New €450m fund for cheaper SME lending on the way

SBCI has sourced a huge amount of new capital will now be available for smaller Irish businesses...

Hundreds of millions of new capital has been made available to finance additional competitive lending to the country’s small and medium sized businesses.

Newstalk has learned that the Strategic Banking Corporation of Ireland (SBCI) is set to announce today that it has sourced €450m in new funding to meet strong ongoing SME demand for competitively-priced business loans.

The new €450m fund comprises €200m in a long-term loan facility from the Council of Europe Development Bank in Paris and €250m in ten-year loan notes from the National Treasury Management Agency.

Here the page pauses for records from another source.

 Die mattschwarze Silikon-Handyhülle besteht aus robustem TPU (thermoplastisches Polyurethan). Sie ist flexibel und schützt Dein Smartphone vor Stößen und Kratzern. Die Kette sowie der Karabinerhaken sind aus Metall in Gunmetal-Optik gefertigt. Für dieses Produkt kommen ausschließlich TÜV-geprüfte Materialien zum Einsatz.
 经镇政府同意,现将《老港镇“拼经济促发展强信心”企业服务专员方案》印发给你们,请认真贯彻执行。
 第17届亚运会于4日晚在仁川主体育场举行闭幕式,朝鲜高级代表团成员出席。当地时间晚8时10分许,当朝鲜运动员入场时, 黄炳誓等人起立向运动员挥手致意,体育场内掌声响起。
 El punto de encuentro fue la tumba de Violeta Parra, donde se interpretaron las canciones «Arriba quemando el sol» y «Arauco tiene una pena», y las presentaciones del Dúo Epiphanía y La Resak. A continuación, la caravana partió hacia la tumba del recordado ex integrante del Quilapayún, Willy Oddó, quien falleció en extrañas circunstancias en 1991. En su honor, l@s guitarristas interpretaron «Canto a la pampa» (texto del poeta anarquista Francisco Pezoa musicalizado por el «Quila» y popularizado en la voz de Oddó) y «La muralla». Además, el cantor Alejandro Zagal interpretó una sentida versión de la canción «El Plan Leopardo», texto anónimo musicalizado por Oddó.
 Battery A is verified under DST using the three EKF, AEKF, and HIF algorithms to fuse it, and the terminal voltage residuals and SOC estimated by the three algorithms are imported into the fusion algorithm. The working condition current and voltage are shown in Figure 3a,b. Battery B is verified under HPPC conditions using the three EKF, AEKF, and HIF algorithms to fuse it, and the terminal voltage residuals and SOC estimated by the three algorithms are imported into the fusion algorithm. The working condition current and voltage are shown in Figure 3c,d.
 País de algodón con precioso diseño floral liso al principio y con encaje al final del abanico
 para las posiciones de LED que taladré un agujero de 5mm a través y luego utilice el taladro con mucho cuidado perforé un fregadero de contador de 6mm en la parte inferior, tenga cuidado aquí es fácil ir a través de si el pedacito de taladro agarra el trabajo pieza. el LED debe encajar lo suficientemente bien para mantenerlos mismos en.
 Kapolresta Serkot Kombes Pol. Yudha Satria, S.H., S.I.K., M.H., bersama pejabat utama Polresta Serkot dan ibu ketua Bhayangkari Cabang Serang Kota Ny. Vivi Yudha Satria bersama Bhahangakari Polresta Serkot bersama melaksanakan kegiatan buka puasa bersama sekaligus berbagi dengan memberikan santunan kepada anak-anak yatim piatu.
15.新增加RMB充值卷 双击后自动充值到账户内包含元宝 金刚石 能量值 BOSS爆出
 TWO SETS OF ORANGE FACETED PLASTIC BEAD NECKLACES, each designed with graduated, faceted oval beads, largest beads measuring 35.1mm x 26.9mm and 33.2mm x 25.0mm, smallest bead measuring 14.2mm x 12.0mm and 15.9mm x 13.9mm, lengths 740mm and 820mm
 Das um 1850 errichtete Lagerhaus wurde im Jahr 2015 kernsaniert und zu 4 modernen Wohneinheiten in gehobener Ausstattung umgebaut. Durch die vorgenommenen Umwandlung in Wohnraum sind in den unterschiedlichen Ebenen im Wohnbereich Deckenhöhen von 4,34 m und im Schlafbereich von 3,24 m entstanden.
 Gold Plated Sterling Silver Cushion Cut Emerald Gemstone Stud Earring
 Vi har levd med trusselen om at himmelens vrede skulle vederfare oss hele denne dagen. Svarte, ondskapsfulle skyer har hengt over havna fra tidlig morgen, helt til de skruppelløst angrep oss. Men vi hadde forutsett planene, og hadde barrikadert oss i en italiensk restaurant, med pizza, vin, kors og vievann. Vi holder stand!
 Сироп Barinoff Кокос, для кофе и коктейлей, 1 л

These new facilities will strengthen the SBCI’s ability to provide low-cost, flexible loans to Irish SMEs through its eight existing on-lending partners and its pipeline of new partners. It also brings additional diversification to the SBCI’s sources of funding.

The SBCI was established by the Government in late 2014 with an initial fund of €800m provided by the European Investment Bank and German development bank KFW.

Those funds have since been more than committed, and in the majority of cases drawn down through a range of eight different banks and non-banking financial institutions with whom the SBCI has entered agreements to provide loans to SMEs at lower than their standard rates.

SBCI lenders offer lower cost, longer term loans across a range of products including working capital, investment, agri-finance, invoice finance, fleet finance and leasing. On average, SMEs receive a discount of 1.5% on market rates for these loans.

SBCI CEO Nick Ashmore said: 

"We succeeded earlier this year in committing all of the €800 million that was made available to us when we began operations 2 years ago. Our new funding arrangements will allow us to support even more SMEs and bring even greater competition to the SME lending market.

"We have demonstrated that we are an effective conduit for a range of EU supports to the Irish economy, which has enabled the SBCI to source further funding from international and domestic sources."